They walked off the plane, into a horde of tanned men in uniforms, holding guns. Moustaches. Uniforms, guns, moustaches. More uniforms, more guns, and more moustaches, and shouts of “Yella, yella, yella,” which, Al later learned, meant “come on, come on, come on.”

A man wearing a white shirt open to his stomach stood holding a sign with their name.

“Hi, I’m Muhammad. I’m your driver”; he spoke fluent English.

They followed him through the chaos of the airport. He put their bags in his battered Buick.

Outside, the breeze was warm for November. Palm trees lined the avenue leading from the airport. Al wished she hadn’t checked her camera, as her mother had insisted. “Al, stop hiding behind that camera. Look around. Enjoy. Why would you need a camera during the flight?”

“This looks more like a resort than a war zone,” her mother now said, pushing her freshly highlighted blond hair from her sunglasses. “It reminds me of Florida, or maybe California.”

Al said nothing, since she had visited neither Florida nor California, and the places they had lived in were so different they never reminded her of one another. Her father had joined the foreign service at twenty-two, straight out of college. He had wanted to see the world and the State Department had complied, so they moved every few years and he never tired of “promoting our interests abroad.” And although he took a passing interest in her photographs, he never spent much time with Al.

Muhammad rolled down the windows and turned up the radio. He leaned his elbow out the window, rested his hand on the rooftop, and with the long nail of his pinky drummed the beat of the Arabic music. Except for the manicured, inch-long nail on his left pinky, all of his fingernails were bitten to the quick.

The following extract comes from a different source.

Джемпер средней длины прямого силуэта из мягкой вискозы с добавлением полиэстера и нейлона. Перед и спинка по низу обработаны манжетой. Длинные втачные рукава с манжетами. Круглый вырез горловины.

They drove along the Mediterranean. Muhammad leaned his head out the window and shouted at the driver ahead. Below the wailing Arabic music, they could hear the surf breaking on the shore.

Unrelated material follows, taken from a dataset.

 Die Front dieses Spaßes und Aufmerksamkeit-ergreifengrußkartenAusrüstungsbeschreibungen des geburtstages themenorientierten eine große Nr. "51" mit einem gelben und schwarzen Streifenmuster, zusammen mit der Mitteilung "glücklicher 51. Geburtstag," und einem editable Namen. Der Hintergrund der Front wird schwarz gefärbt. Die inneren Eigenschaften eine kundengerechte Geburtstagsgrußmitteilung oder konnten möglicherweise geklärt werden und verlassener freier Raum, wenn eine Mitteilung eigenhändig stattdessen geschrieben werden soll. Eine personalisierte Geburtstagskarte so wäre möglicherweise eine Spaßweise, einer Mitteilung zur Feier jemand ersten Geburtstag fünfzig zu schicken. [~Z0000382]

“The Mediterranean is so blue, isn’t it?” her mother said. “The water looks so inviting. I’d love to swim.”

Her mother’s sundress fluttered against her leg, and once again Al felt irritated by her mother’s easy enthusiasm.

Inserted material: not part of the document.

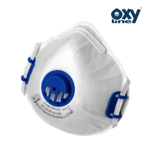 Półmaska filtrująca X110V FFP1 RD Oxyline, ochrona dróg oddechowych przed pyłem, dymem i mgłami wodnymi, zawór wydechowy, regulowane taśmy nagłowia, zgodna z PN-EN 149:2001+A1.

Her mother had been a hippie in the sixties and still wore her hair long. She always laughed at her husband’s solemn reserve and told him to “cheer up, live a little, have fun. FUN,” but neither Al nor her father ever quite understood what she meant by “fun,” and while her mother’s quick smiles and optimism charmed Al’s father, they oppressed Al.

Muhammad drove them through the Dahieh, a Shiite slum near the airport. It was where a few years later the American hostages were held. Clothes hung from windows, laundry ropes stretched between houses, and veiled women hurried by carrying jugs on their heads. Al watched flags waving from lines strung between the street lamps, and the giant writing on posters stuck to the sides of buildings. To her, Arabic looked more like random drawing than writing.

She had already lived on four continents, and knew words in Japanese, Swahili, and Swedish, but she wasn’t good with languages, and her family never stayed in one country long enough for her to learn. Besides, people answered her in English even when she tried to speak their language. They said they could tell she was American. Sometimes they said it was her hair or clothes or sneakers, but mostly they said it was the braces on her teeth. Her Rs, they said, were a dead give-away. So she stopped trying. She spoke only in English and took photographs to document the different places. But after a few years in one city, she had usually picked up enough to get by. People’s gestures helped. She found that people often enacted their words, and she could learn the language backwards, from the gestures.

“They write from right to left,” her mother said. Her mother had just finished reading her first book about the Middle East.

Muhammad drove down narrow streets, pointing at walls riddled with bullets.

“This part of Beirut got a lot of bombings,” he said. “See, they fixed one, but not the other.” He slowed down in front of two once identical buildings, the repaired white one facing its charred twin, and again Al wished she had not packed her camera.

Muhammad pointed at buildings that had collapsed like cardboard houses. Al looked at the sides slumped in, and marveled at how light they seemed yet how heavy they must be. There was little to suggest the weight or force of the impact—only a few coiled iron rods, frizzed rather than coiled, and craters in the ground where the buildings had fallen.

A week after arriving in Beirut, they awoke to explosions and war planes flying low. “It sounds far away,” her mother said. “But maybe we should sleep in the hallway.” Al said they should leave Beirut, but her mother hushed her and continued calmly, a testimony to the hours of advice she had received from the embassy and from neighbors—advice on what to do, where to go, what to say in case of bombing. The next morning, the shops opened and life resumed as usual.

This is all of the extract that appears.